To experience a task as a Boilermaker apprentice would, Dr. Feltham and Lawlor took turns tightening a flange on a pressure vessel.
Program chair Glen Gibson taught them first how to perform the task correctly and safely and then how to get an even flat squeeze on the pressure vessel by using a hammer wrench and impact wrench.
As no visit to a trades program would be complete without a competition between Dr. Feltham and Lawlor, the two competed against one another to roll a piece of metal into a circle using the Heller plate rolling machine (a task a steel fabricator would do).
Boilermaker instructor Marvin Androschuk gave a quick safety lesson about the plate rolling machine and then demonstrated how to use it to roll a flat piece of steel into a circle.
Dr. Feltham let Lawlor try first and when time started running out, the two worked together, along with a bit of coaching from Gibson and Androschuk, to achieve a near perfect circle.
To learn about the Ironworker program, Dr. Feltham and Lawlor headed outside to a very different kind of classroom.
Another competition was set up for them; this time they had to lift and fasten a rafter to two columns. The structure itself would have been built by a steel fabricator in the shop, while the act of putting it together is the job of the ironworker.
Dr. Feltham and Lawlor were paired with apprentices and put in lifts alongside the columns. After safety checks were made, they were lifted to the tops of the columns; the rafter was lifted by crane. Dr. Feltham and Lawlor worked from the lifts and raced each other to secure their side of the rafter to the column first.
A few minutes later the work was complete. “It was a tie,” said Dr. Feltham, but Lawlor argued that Dr. Feltham actually won as he was better at tightening.
While this competition had the two trying to beat each other, in the end they were working as a team, something very important in these programs. “These trades are all about teamwork,” said Lawlor.
The final stop was a quick tour through an ironworker shop, where Dr.
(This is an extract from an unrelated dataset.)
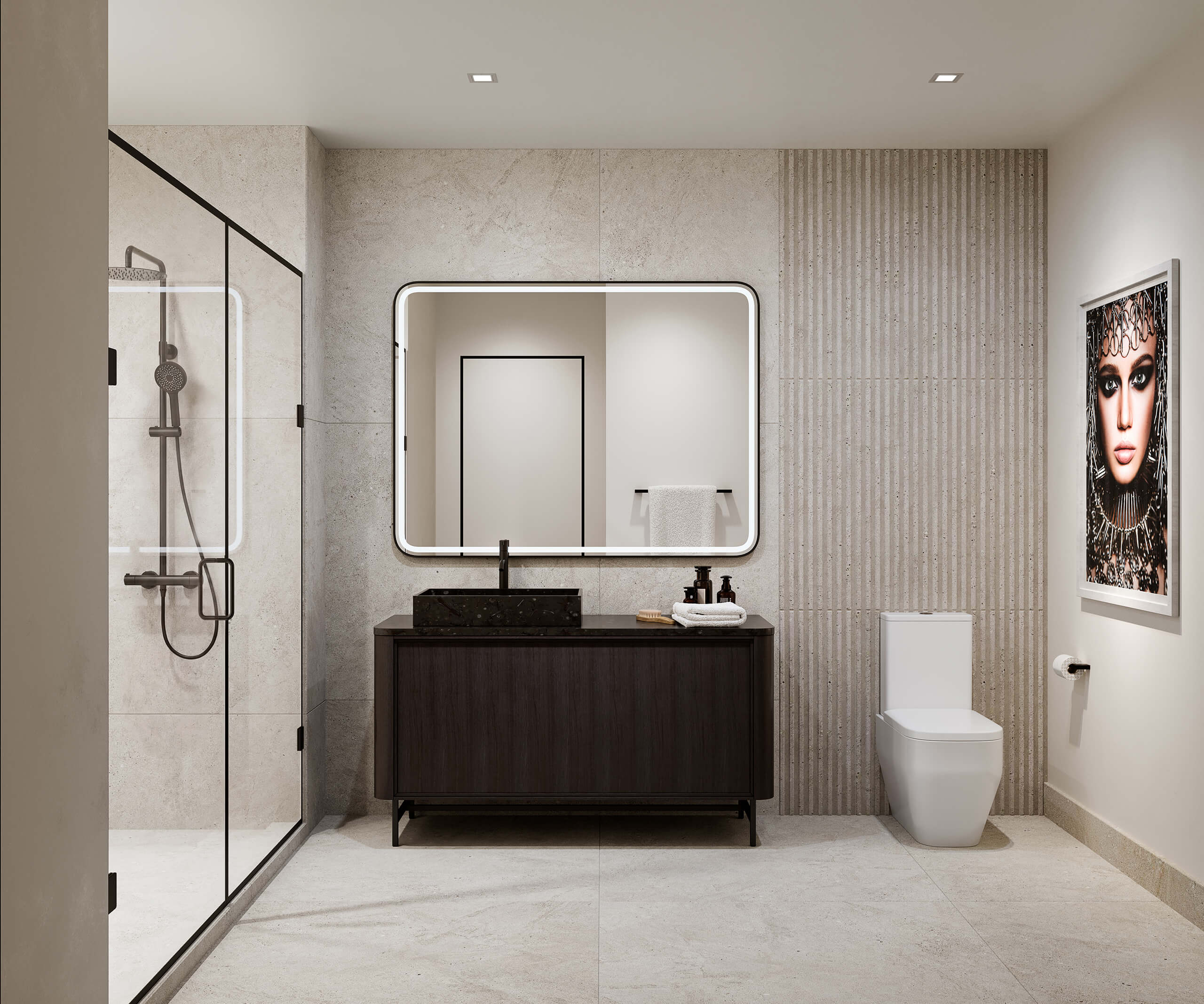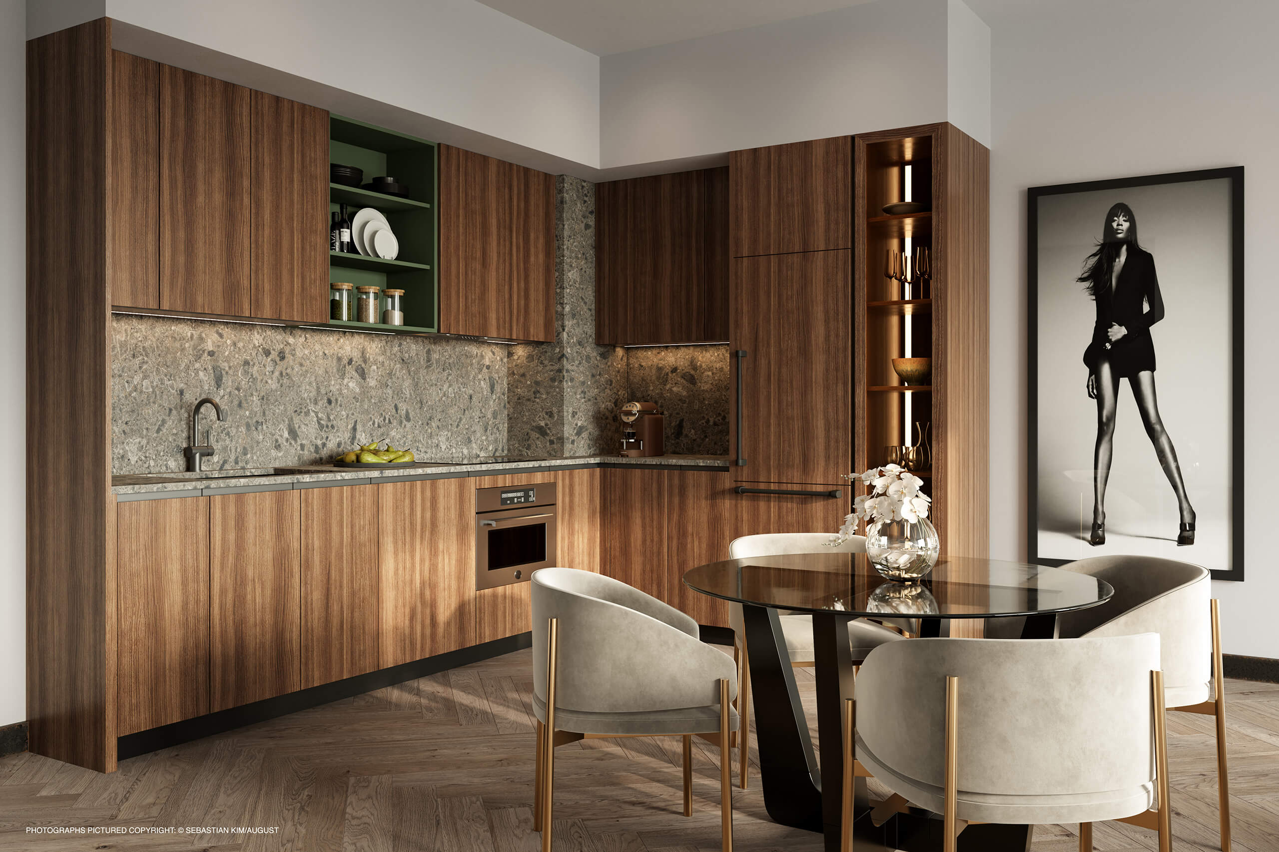 Every residence is designed with intention, featuring Italkraft kitchens, Bertazzoni appliances, Cosentino Dekton surfaces, and refined Porcelanosa finishes that set a clean, modern tone throughout.
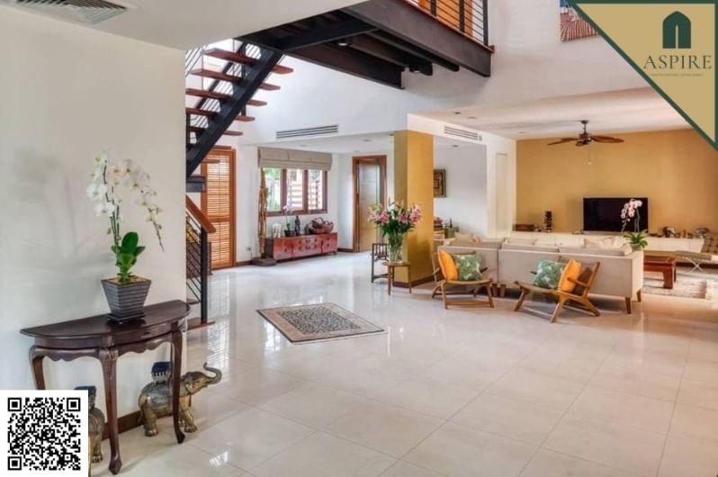 [For Sale] 2-Story Luxury Detached House, with Guest House, Resort Style with Swimming Pool, Sukhumvit Road 101/1 (Soi Wachiratham Sathit 46) • Land area 351 Sq.wa. • Usable area: Total 842 Sq.m. • The main house has a total of 4 houses, 3 bedrooms (the main bedroom has a large balcony), 1 office room, 3 bathrooms, a living room, a dining room. Large kitchen with floating island. • 1 Small House, 1 bedroom, 1 bathroom, living and dining room, kitchen and large balcony. • 1 Maid's residence with bathroom, Thai kitchen and storage room • Parking: 8 cars can be parked inside the house and at least 3 cars can be parked outside along the fence. • Fully furnished Decorated and ready to move in (except furniture, decorations and some personal items) • Swimming pool: size 4 meters x 14 meters with teak deck • The environment is good and quiet. • Located in Soi Wachiratham Sathit 46, Sukhumvit 101/1, Bang Chak , Phra Khanong , Bangkok 10260 Nearby places • BTS Punnawithi • Tesco Lotus Express Asking for 95 MB (Transfer fee 50/50) For viewing, contact Aspirethailand.com Tel. Contact number Line ID: @aspireproperty Click link นี้เพื่อเพิ่มเพื่อน https://lin.ee/xNGEZwr WhatsApp: Contact number Email: Contact email Contact email Reference: TPC23013060

Feltham learned about some of the work the ironworkers would do, such as working on swing stages, walking up I beams, and learning how to read blueprints and be able to notice errors.
“Beyond the details and technical knowledge these apprentices learn in their programs, what was clearly reinforced today was the importance of safety in doing this work,” said Dr. Feltham as he left Souch Campus in his steel-toed boots, safety goggles and hard hat.